Where are coffee plants grown today?

Coffee is cultivated in more than 70 countries around the world. However, only 5 of those countries provide the majority of the coffee consumed today.

In first place is Brazil, and it has been the biggest producer since the 1840s, with over 300,000 coffee farms producing Arabica beans. Frank Sinatra even had a hit in 1946 with the song They’ve Got an Awful Lot of Coffee in Brazil”.

Second, surprisingly is Vietnam, which has found a niche in becoming the biggest exporter of Robusta beans in the world. Robusta in its natural state is harsher and stronger in caffeine than Arabica and is used mainly in instant coffee, powdered or granulated.

The others in the top five are Colombia, Indonesia, and still Ethiopia, home of the first coffee plant.

How are coffee beans made?

What we know as a coffee bean is actually the seed from the cherry on the Coffea plant.

If a raw seed is planted in fertile ground it will grow into a coffee plant.

Once the cherry is picked, the seed is removed.

There are several methods for this, the most common being washing most of the fruit pulp off, then fermenting the seeds underwater for a few days to remove the rest of the pulp.

The seeds are then dried either in the sun or in drying machines.

The end result is the green bean, which is stored until roasted.

What animals produce coffee beans?

The world’s most expensive coffee is actually produced by animals, by elephants actually.

In Thailand, elephants are fed coffee beans which are later picked out of their droppings and then processed. The elephant is a highly regarded and sacred animal in Thailand, and coffee produced in this way is very sought after.

This practice also occurs in other regions. In Vietnam and Indonesia, beans are fed to small civet cats and recovered from their droppings, and then roasted.

While this may seem just a novelty, it has a practical purpose.

Using mainly Robusta beans, the stomach acids and gastric juices partially ferment the seeds, removing the harsh taste of the Robusta bean, and adding an earthy, deeper flavor.

In Indonesia it is called Kopi Luwak, the Luwak being their name for the Civet.
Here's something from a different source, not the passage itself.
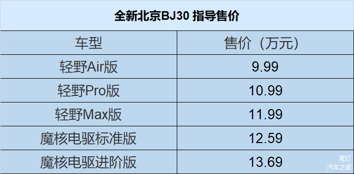 北京BJ30魔核电驱进阶版指导价13.69万,是全系唯一的四驱车型,也是动力最出色的车型,在发动机和前后双电机的加持下,它的系统综合功率和扭矩达到了301kW和685N·m,带有越野模式,配备涉水感应系统,其它配置和燃油顶配几乎一致(少了方向盘加热、氛围灯、负离子发生器)。综合来看,魔核电驱进阶版车型在配置到位的情况下,提升了动力,增加了可玩性,同时价格的提升也相对合理,值得推荐。

In Vietnamese cafes, it is known as Ca Phe Cut Chon, which loosely translates as “Weasel Dung Coffee”.

If you get the opportunity, you should certainly try this unique coffee style – but make sure the beans are carefully washed first!

Final thoughts on where coffee comes from

As you can see, coffee has a rich history, as rich as a freshly brewed cup of joe.

While the coffee industry is not seen as a traditional agriculture industry, it certainly has countless stories about harvesting, producing, and recycling.